Many hospital organizations lack interoperability and integration. Most have ERP [enterprise resource planning] -based data, and now they have an electronic medical record that gives them information about individual patients; but they lack the integrated data coming from both the financial and clinical arenas, to give them an integrated view. Because they’re often being asked to improve clinical quality to bring costs under control. And today, they don’t have integrated data and information systems. The percentage of patient care organizations with truly integrated data is very low. Often, they can present some very basic summary-view data, but people lack the detailed information to make this all real. I think that the systems that are actually prepared to be able to do this type of informational analysis are very low, because it’s taken all their smartest people to put their electronic medical records in place. So they took some of their brightest IT and clinical people in order to focus on getting the EMR right. And though they may have seen the reporting needs and the transformational models coming, they had to put their best, most talented people on the EMR implementation projects. And so the timeframe is very tight. But this is also very time-intensive.
In fact, they’re still very much focused on meaningful use, and that’s sucking up a lot of resources, right?
Exactly. We are finding a small number of organizations that are doing all those things, that are finding a way to be able to accomplish everything, but they’re a small minority, of course. But we’re seeing an increase in discussions around data governance, and greater understanding of data and how it needs to be integrated. And often, people have used similar or even the same terms for different phenomena. And this is very technical, but it also requires broader understandings of processes and of types of data. So we’ve an increased number of discussions around data governance, which is essential, because without that governance, you only get a lot of data. You need the business, clinical, and IT people to come together, and you need their time in order to make this happen.

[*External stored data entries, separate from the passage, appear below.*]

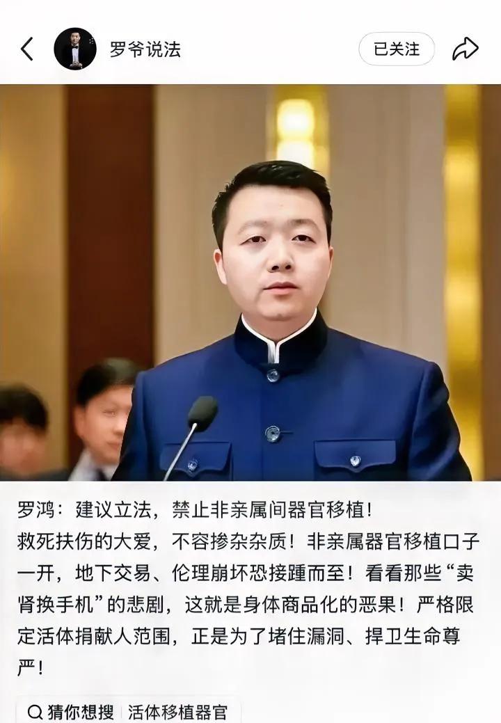 法学界陈枫直接怒怼专家:要是觉得器官移植是好事,专家就该带头 , 倡导的人,就该先做榜样!把全家的器官捐献协议摆出来,亮明态度才是真诚意。谁倡导谁先践行,这不是道德绑架,是最基本的做人准则,光靠嘴皮子喊口号,让别人冲在前头,自己却当看客,就是赤裸裸的耍流氓! 罗鸿:建议立法,禁止非亲属间器官移植! 救死扶伤的大爱,不容掺杂杂质!非亲属器官移植口子一开,地下交易、伦理崩坏恐接踵而至! 美国人体商业化,正是器官移植开闸的终极恶果! 美国把器官移植的口子彻底放开,直接养出了人体商业化的黑色产业链,这就是最血淋淋的反面教材! 没有严格的亲属范围限定,救死扶伤的善举彻底沦为资本谋利的工具,人体器官成了明码标价的商品,连生命都被贴上价格标签,伦理底线被撕得粉碎。 那些失踪的底层民众、被诱骗的弱势群体,全成了这条黑色链条的牺牲品,这就是无底线放开非亲属器官移植的必然结果!罗鸿的立法建议,正是看透了这层恶果,守住亲属移植的底线,才是守住生命的最后一道防线! 非法器官捐献 捐赠器官 器官移植潜规则 器官移植立法 合法器官移植 器官移植专家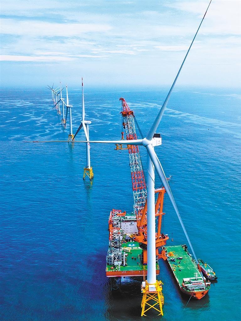 7月19日,16兆瓦超大容量海上风电机组在三峡集团福建海上风电场并网发电,标志着我国相关研发制造及运营能力再上新台阶。这是风电机组安装完成现场。新华社记者 林善传摄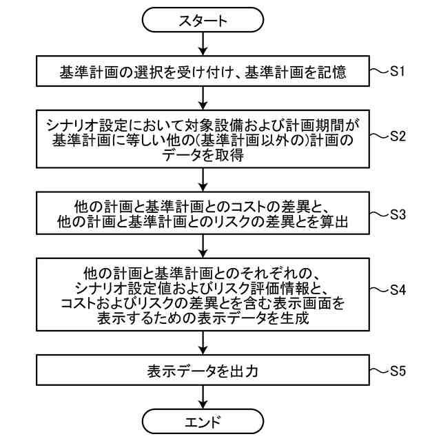 対象設備への複数の投資計画のうちの1つである基準計画と前記基準計画以外の1つ以上の前記投資計画である比較対象計画とのそれぞれに対応する投資シミュレーションによって求められるリスクおよびコストを用いて、前記比較対象計画ごとに、前記リスクおよび前記コストのそれぞれに関して前記比較対象計画と前記基準計画との差異を算出するステップと、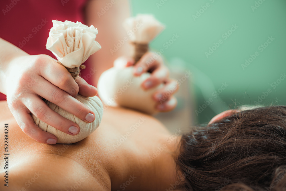 Kizhi massage or herbal bolus bags Ayurveda massage, hands of an Ayurveda Massage therapist pressing herbal bolus bags onto client’s skin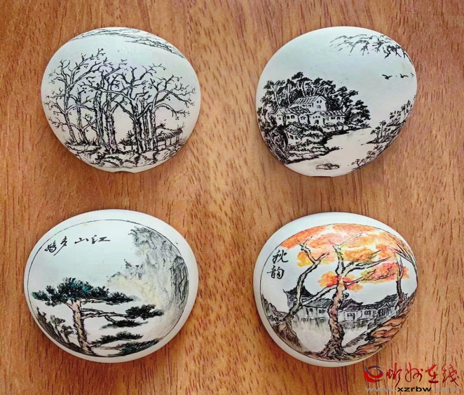 他的幾番“折騰”、數(shù)度“顯擺”、執(zhí)著傳承“非遺”的情結(jié),被制作成電視短片,被寫成技藝故事,一時間街坊鄰里都知道小區(qū)里有一位和蛋殼有感情的“老頑童”,故鄉(xiāng)的新朋舊友及過去的同事,也紛紛為他“蛋殼上作畫”的行為點(diǎn)贊。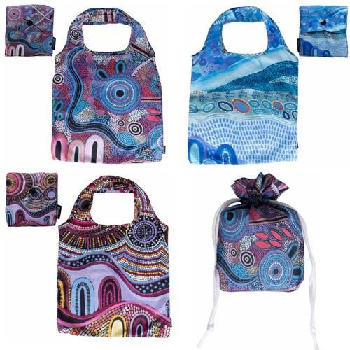 3 x REUSABLE SHOPPING BAGS, TOTES - ABORIGINAL - JESSICA ARTIST...
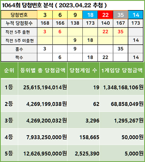 1064회 로또 당첨번호 4월 22일 추첨 결과 직전 5주 출현번호에서 3, 6, 22, 35번이 일치되어 계속 5주간 당첨번호 강세를 보이고 있습니다.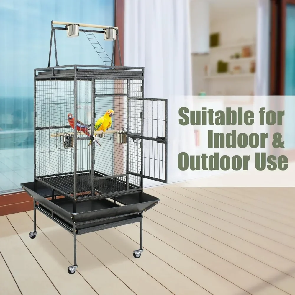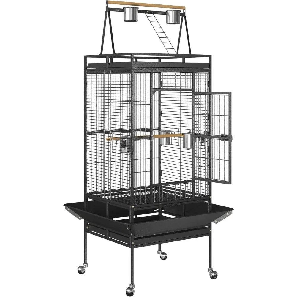 【Solid Construction】– The bird cage is made of strong and steady metal main frame, which could make this cage more durable and solid. Non-toxic coated finish,Durable metal wire bar to secured large birds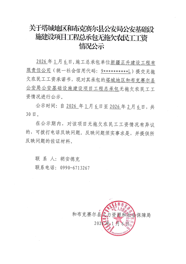 关于塔城地区和布克赛尔县公安局基础设施建设项目工程总承包无拖欠农民工工资情况公示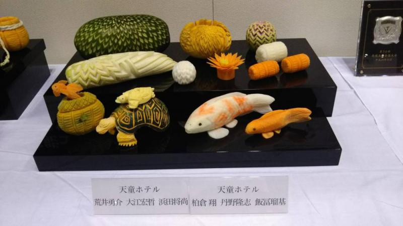 山形市のビッグウィングで開催された『ものづくりフェスタin山形2017』に当館の日本料理部門からも出展いたしました。日本料理料理人6名による、渾身の合作です。冬瓜、紅芯大根、大根、人参、かぼちゃを使って、菊の花や米俵、鯉や亀を表現しました。細かいところにも様々な細工が施されています。ぜひ手に取って見て頂きたい!作品です。日々腕を磨いていますよ〜!美味求真の宿 天童ホテルhttp://www.tendohotel.co.jp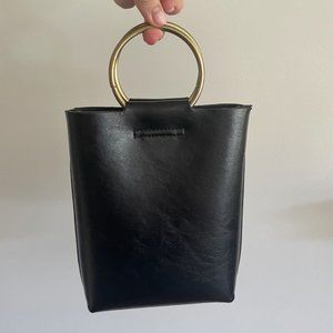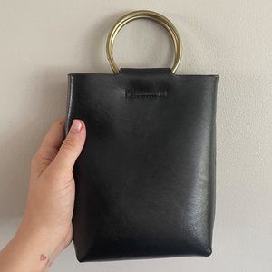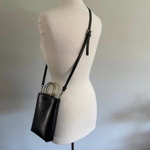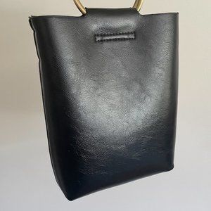 Crossbody strap can unclip to be worn as a handbag, the brass circular handles can lay flat inside the bag if desired to wear as crossbody

And the additional challenge is that many of these initiatives require the obtaining of data from outside your system as well. And this makes you start to think about prioritizing these cases, and not trying to build it all at once, because it’s too big; but being very specific about analytic uses, so that you can create the data collection required to support the changing business needs. The good news is that the amount of data shouldn’t be mammoth; it should be very specific in focus. And you need to move to a prioritize-it-and-they-will-use-it mentality; because if you gain their buy-in, you have a much better chance of people using that data effectively. And going back to our top ten, it’s figuring out how to plan all this and get to agile, skilful use of data across those silos.
And what’s happened is that in some cases, the HIT implementation has resulted in new data and analytic capabilities. The reporting solution that might have come packaged with your electronic medical record might have pushed data into your data mart, and if you implement it and give people access to it, there are collections of data departmentally, but that process won’t have provided your organization with integrated information across the multiple data systems. And if you give people free access to large piles of data, you make the IT people wonder why they have access to that data, and what they’re doing with it. The reality is that many people have access to data in organizations; and you don’t always know how people are actually using the information. So it creates a different type of data governance and decision-making. Because we can’t turn everything off until we figure it all out at once.

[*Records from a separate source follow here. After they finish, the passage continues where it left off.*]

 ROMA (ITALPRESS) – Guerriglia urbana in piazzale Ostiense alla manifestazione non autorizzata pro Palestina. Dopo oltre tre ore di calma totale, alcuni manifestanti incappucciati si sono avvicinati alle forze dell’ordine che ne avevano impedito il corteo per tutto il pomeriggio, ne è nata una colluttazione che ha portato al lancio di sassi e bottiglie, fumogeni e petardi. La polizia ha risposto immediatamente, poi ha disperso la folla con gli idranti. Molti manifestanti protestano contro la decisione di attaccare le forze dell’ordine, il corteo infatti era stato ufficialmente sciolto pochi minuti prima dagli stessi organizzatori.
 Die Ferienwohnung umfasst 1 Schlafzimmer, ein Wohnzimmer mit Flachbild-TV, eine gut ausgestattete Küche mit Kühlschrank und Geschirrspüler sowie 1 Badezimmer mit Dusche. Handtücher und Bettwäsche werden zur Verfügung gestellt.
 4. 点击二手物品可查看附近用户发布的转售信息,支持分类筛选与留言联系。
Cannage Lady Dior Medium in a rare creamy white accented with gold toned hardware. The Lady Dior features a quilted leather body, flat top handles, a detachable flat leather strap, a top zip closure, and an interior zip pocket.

But these new reporting capabilities exist, and they change what people could do with this information.
Per the report’s section on “BYOD” [bring your own device policies], do you have any thoughts?

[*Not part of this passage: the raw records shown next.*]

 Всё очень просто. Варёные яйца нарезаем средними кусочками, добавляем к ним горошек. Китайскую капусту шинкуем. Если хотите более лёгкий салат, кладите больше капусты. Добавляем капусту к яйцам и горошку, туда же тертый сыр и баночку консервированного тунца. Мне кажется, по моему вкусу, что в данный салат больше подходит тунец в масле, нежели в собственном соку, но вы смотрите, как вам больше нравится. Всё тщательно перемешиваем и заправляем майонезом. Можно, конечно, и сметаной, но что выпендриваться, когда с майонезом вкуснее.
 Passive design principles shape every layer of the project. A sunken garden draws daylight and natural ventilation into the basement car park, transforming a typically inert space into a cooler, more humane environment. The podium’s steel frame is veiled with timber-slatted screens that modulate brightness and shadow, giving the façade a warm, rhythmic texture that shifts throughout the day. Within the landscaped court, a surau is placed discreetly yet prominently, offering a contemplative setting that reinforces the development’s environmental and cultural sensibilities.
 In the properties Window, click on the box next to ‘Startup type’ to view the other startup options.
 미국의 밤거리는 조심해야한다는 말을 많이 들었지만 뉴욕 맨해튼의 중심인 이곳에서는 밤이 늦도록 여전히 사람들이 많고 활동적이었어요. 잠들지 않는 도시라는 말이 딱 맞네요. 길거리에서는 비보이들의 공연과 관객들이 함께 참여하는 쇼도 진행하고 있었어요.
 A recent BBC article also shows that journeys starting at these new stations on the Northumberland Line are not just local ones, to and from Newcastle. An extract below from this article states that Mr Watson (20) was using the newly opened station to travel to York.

Yes, 20 percent of breaches reported nationally were associated with BYOD situations. So it’s not an insignificant issue, and is worthy of some mention. But I think the bigger story in the paper really is the requirements around integrated analytics to drive so many different business purposes, and understanding that you can’t do everything at once, and that you have to prioritize. And data security policies naturally flow out of that. Because 2013 is the year of data, no longer the time of information systems—perhaps the year of integrated data. And I think within the year, you’ll see the leaders pull away significantly from the laggards in their use of data analytics.